**What to do:** While you copy the lines below, skip the pictures and keep the rest exact.
[Opening Raw data section]
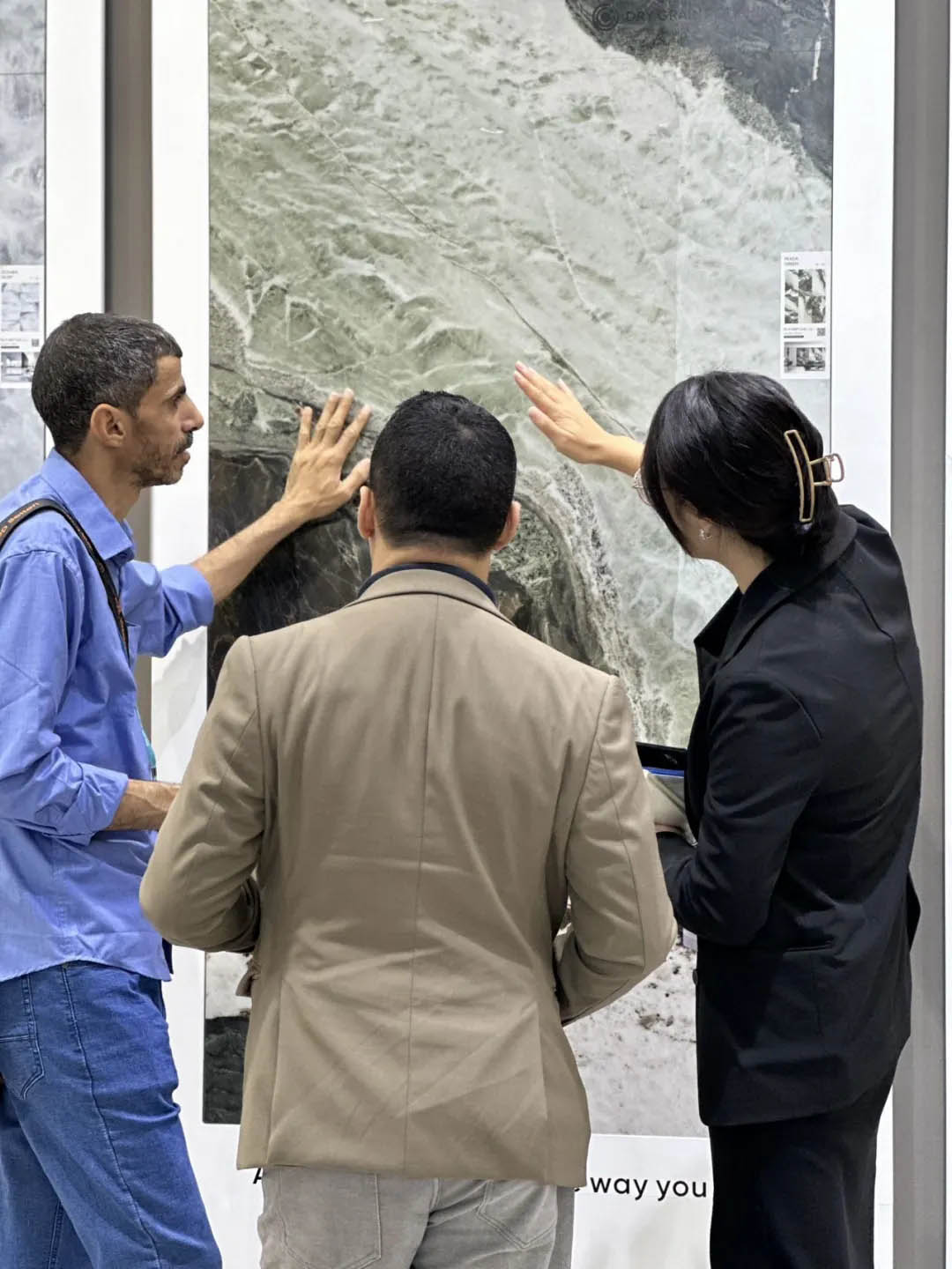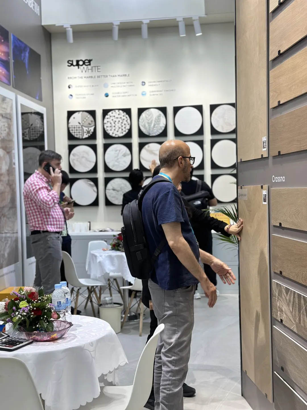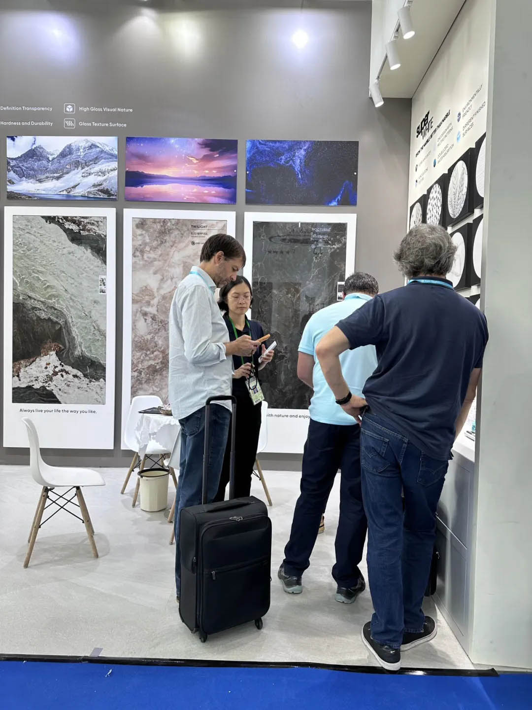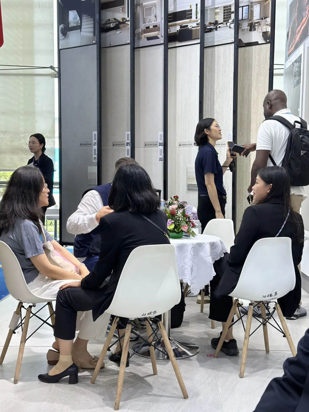 眾多商客通過看、聽、摸等全方位體驗(yàn)羅曼締克產(chǎn)品的魅力,現(xiàn)場工作人員熱情地向客商們介紹產(chǎn)品情況,并耐心解答觀眾對產(chǎn)品的疑惑,為未來合作奠定良好契機(jī)。
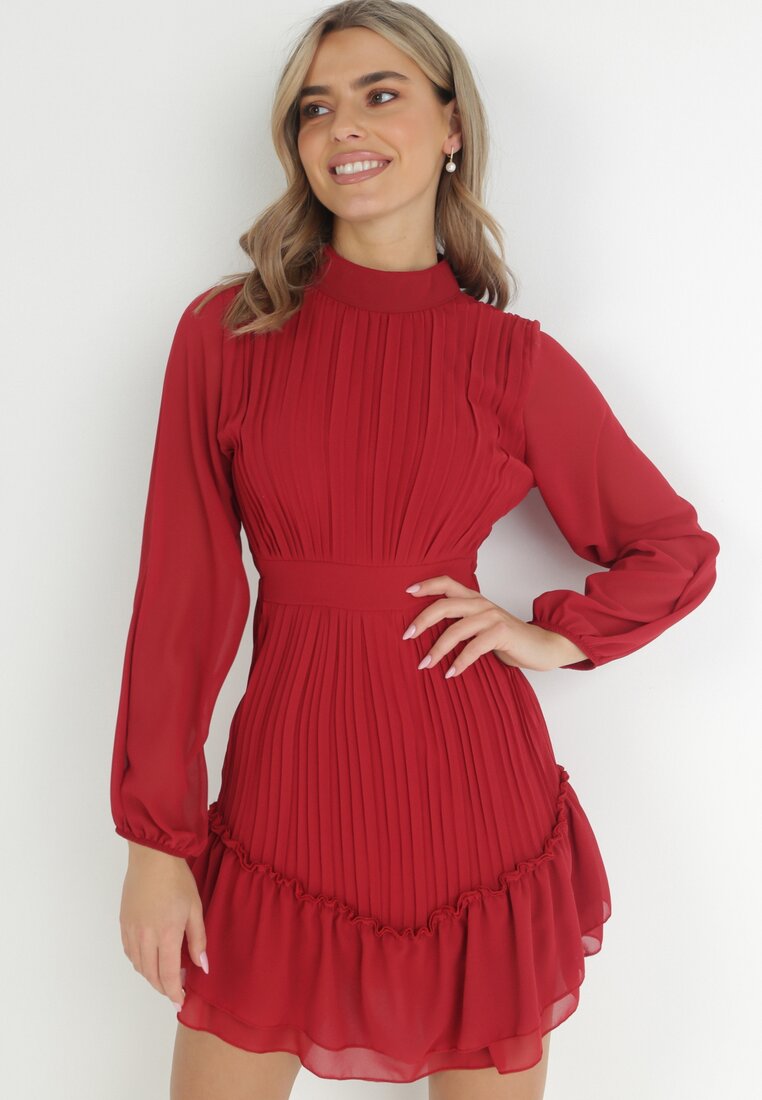 Bordowa Plisowana Sukienka Mini Rophe
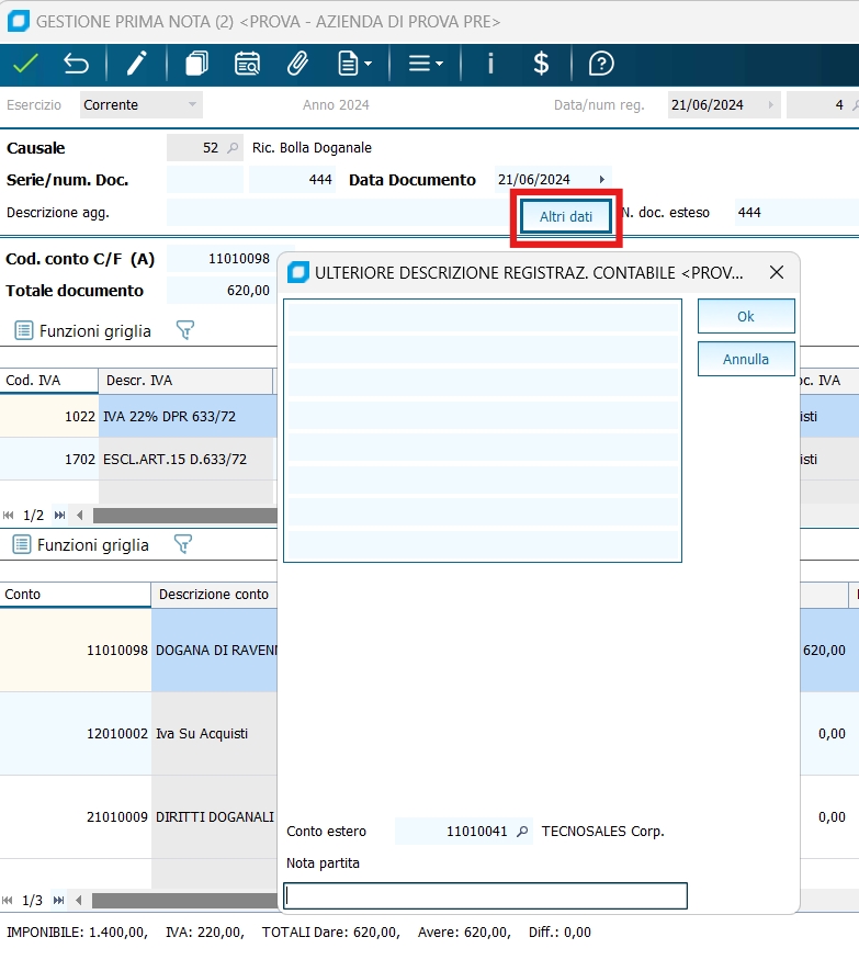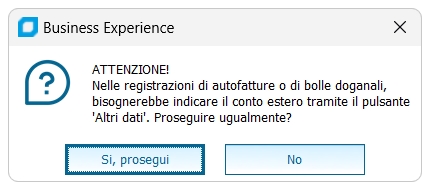 La seconda è la rilevazione della bolla doganale vera e propria. Si utilizza a tal scopo un fornitore BOLLE DOGANALI (oppure DOGANA DI COMO,e cc.), una causale RIC.BOLLA DOGANALE (costruita come la causale RICEVUTA FATTURA) e si utilizza Gestione Prima Nota Iva Al salvattaggio della registrazione verranno restituiti due messaggi, uno relativo alla differenza tra il totale documento ed i8mponibile più imposta, da confermare il secondo messaggio è relatvo alla bolla doganale e alla possibilità di indicare il conto delfornitore estero negli altri dati. Selezionare no per procedere con l'inserimento del conto del fornitore estero nella sezione altri dati. La terza, quando esiste, rappresenta invece la fattura dello spedizioniere che ha anticipato per nostro conto l'iva ed i diritti alla dogana, e quindi comprende i suoi compensi e l'importo (escluso art. 15) della IVA e di eventuali diritti doganali.
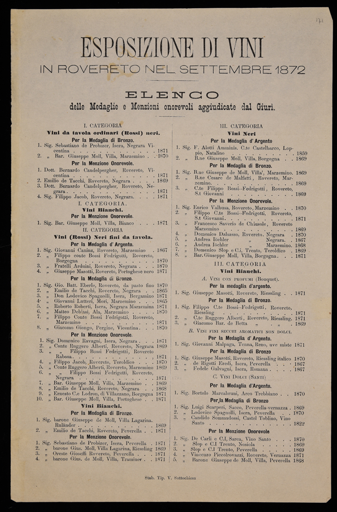 | Esposizione di vini in Rovereto nel settembre 1872. Elenco delle medaglie e menzioni onorevoli aggiudicate dal giurì |
[Closing Raw data section]
**Exercise solution:**
 眾多商客通過看、聽、摸等全方位體驗(yàn)羅曼締克產(chǎn)品的魅力,現(xiàn)場工作人員熱情地向客商們介紹產(chǎn)品情況,并耐心解答觀眾對產(chǎn)品的疑惑,為未來合作奠定良好契機(jī)。
 Bordowa Plisowana Sukienka Mini Rophe
 La seconda è la rilevazione della bolla doganale vera e propria. Si utilizza a tal scopo un fornitore BOLLE DOGANALI (oppure DOGANA DI COMO,e cc.), una causale RIC.BOLLA DOGANALE (costruita come la causale RICEVUTA FATTURA) e si utilizza Gestione Prima Nota Iva Al salvattaggio della registrazione verranno restituiti due messaggi, uno relativo alla differenza tra il totale documento ed i8mponibile più imposta, da confermare il secondo messaggio è relatvo alla bolla doganale e alla possibilità di indicare il conto delfornitore estero negli altri dati. Selezionare no per procedere con l'inserimento del conto del fornitore estero nella sezione altri dati. La terza, quando esiste, rappresenta invece la fattura dello spedizioniere che ha anticipato per nostro conto l'iva ed i diritti alla dogana, e quindi comprende i suoi compensi e l'importo (escluso art. 15) della IVA e di eventuali diritti doganali.
 | Esposizione di vini in Rovereto nel settembre 1872. Elenco delle medaglie e menzioni onorevoli aggiudicate dal giurì |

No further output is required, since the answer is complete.